The road changed into an incline blasted out of the cliff face, with the insecure rock overhanging it in most places, and crossed a narrow, weatherworn timber bridge three car-lengths long across the face of a wider gut than most. The wedge-shaped split in the cliff was about a hundred feet deep. The ocean reached directly into it with no intervening beach, and even now at low tide solid water came pouring into the base of the cleft and broke up into fountaining spray. It wet the car’s windshield. The timber bridge angled up from fifty feet above water level, about a third of the way up the face of the cliffs, and its bottom dripped.

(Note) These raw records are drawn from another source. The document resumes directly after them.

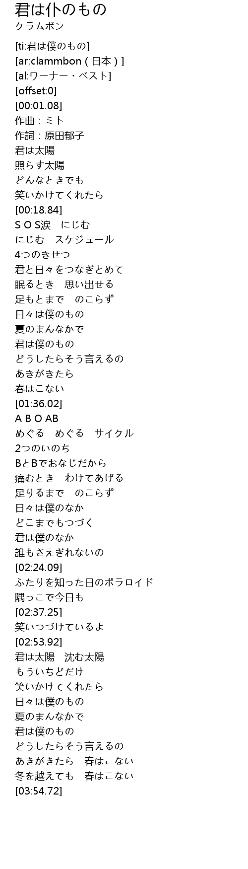 | [03:31.73] | 君は僕のもの |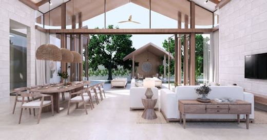 Each villa comes fully furnished, with a built-in kitchen and high-quality finishes throughout. The private infinity pool serves as the centerpiece of the outdoor area, complemented by a gourmet dining pavilion and lush landscaped gardens, creating an ideal environment for relaxation, entertaining, and enjoying tropical living.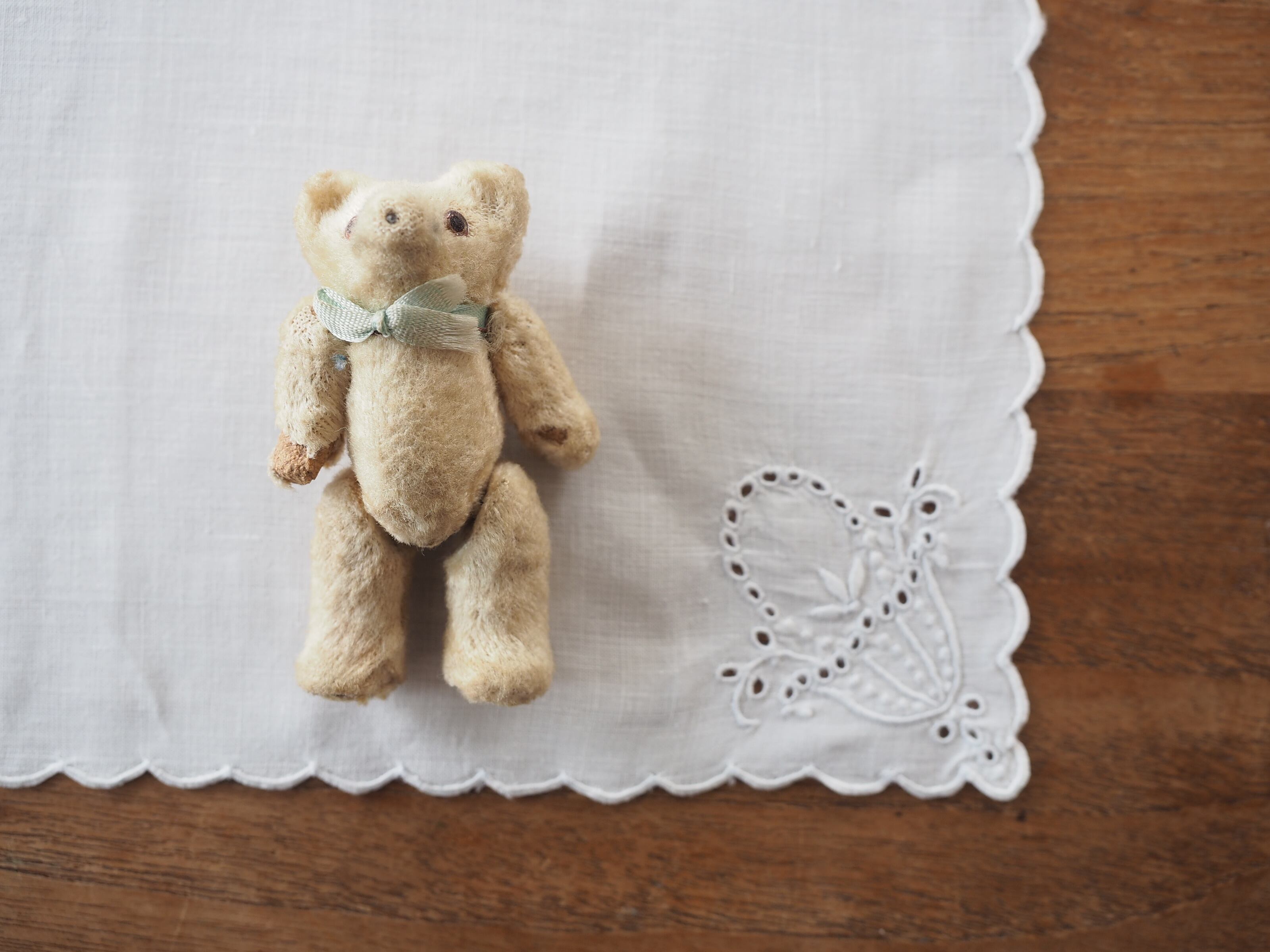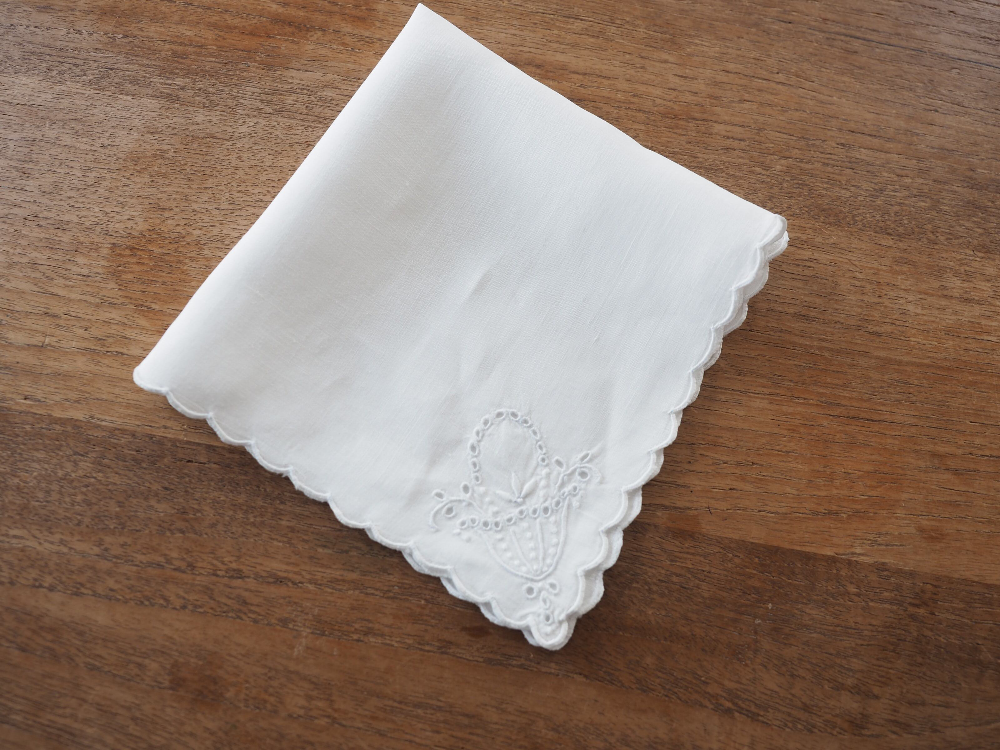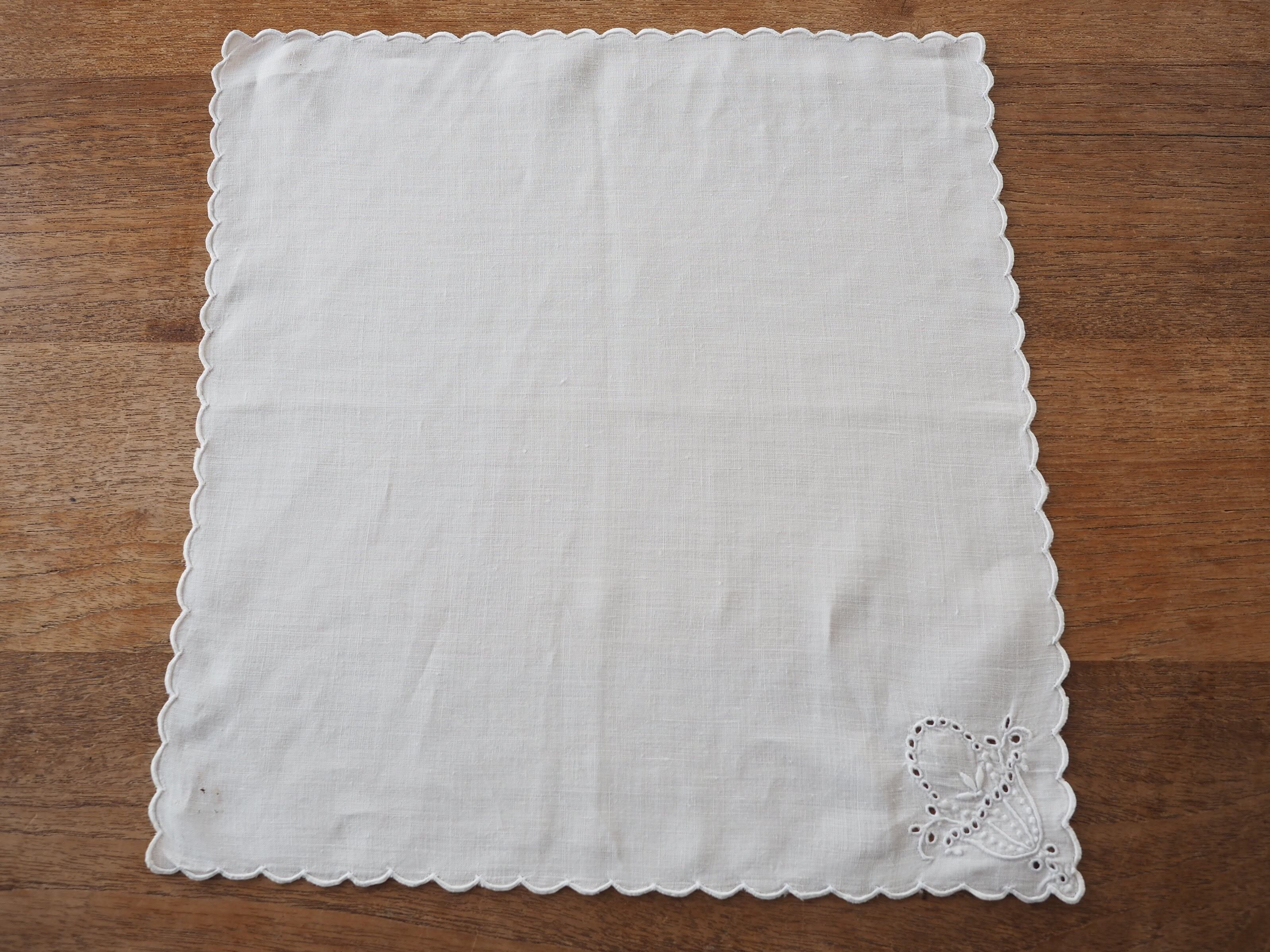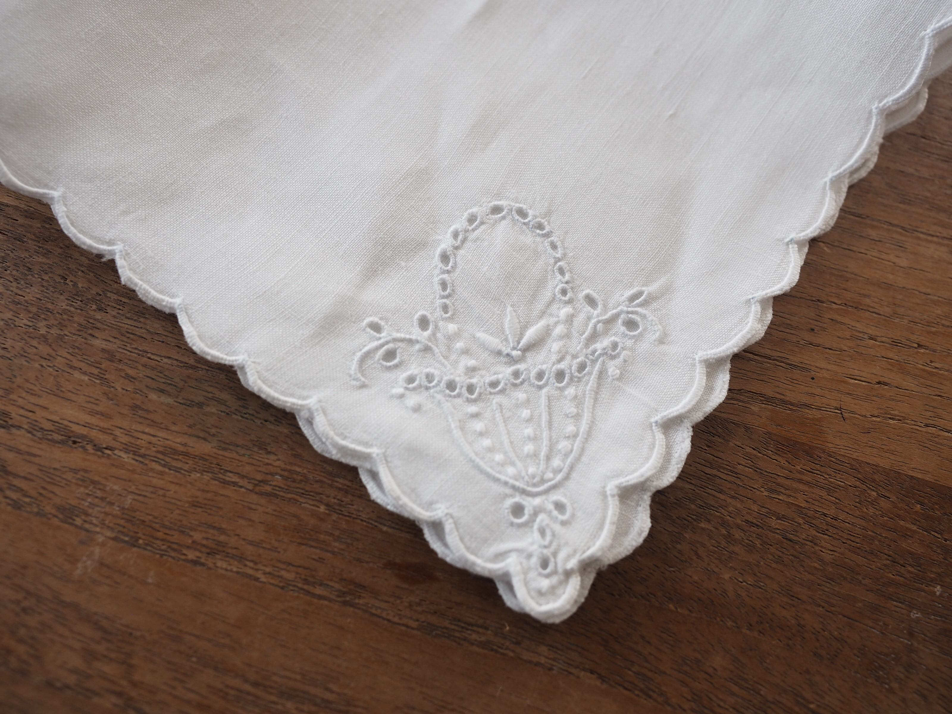 シンプルなコーナー刺繍のナプキンですが、ぐるっと縁に施されたスカラップもとても素敵です。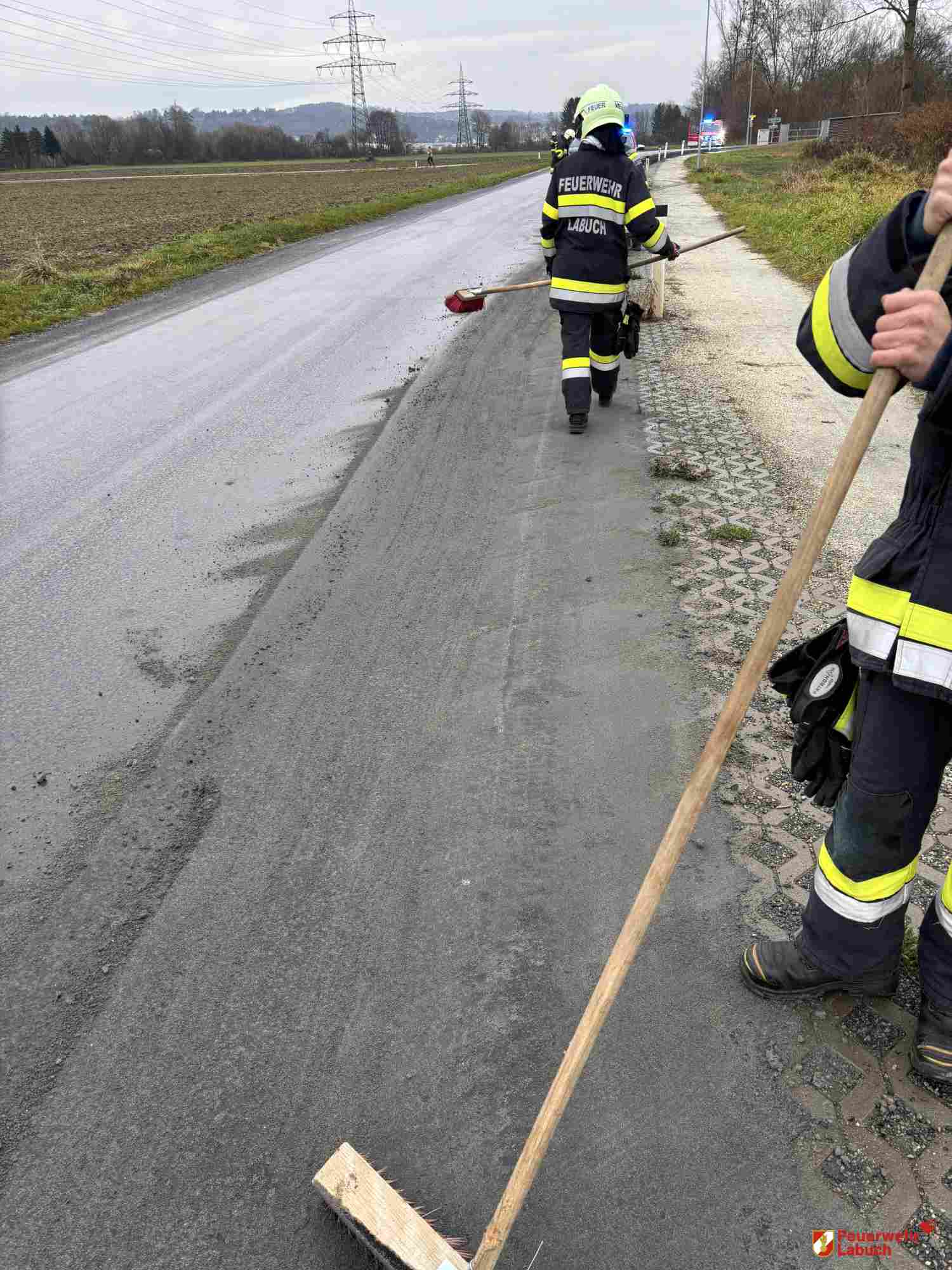 Ein unbekannter Verkehrsteilnehmer hat auf mehreren 100m die Gemeindestraße mit Betriebsmittel verunreinigt. Wir unterstützten die anwesende FW Gleisdorf beim Binden der Betriebsmittel und dem Reinigen der Straße.

The road went on past the bridge, but Connington stopped the car with the wheels turned toward a galvanized iron mailbox set on a post. It stood beside an even narrower driveway that climbed steeply up into the side of the cleft and went out of sight around a sharp break in its wall.
“That’s him,” Connington grunted, pointing toward the mailbox with his cigars “Barker. Al Barker.” He peered slyly sideward. “Ever hear the name?”
Hawks frowned and then said, “No.”
“Don’t read the sports pages? No — I guess not.” Connington backed the car a few inches until he could aim the wheels up the driveway, put the transmission selector in Low, and hunched forward over the wheel, cautiously depressing the accelerator. The car began forging slowly up the sharp slope, its inside fender barely clearing the dynamited rock, its left side flecked with fresh spray from the upsurge in the cleft.
“Barker’s quite a fellow,” Connington muttered with the soggy butt of his cigar clenched between his teeth. “Parachutist in World War Two.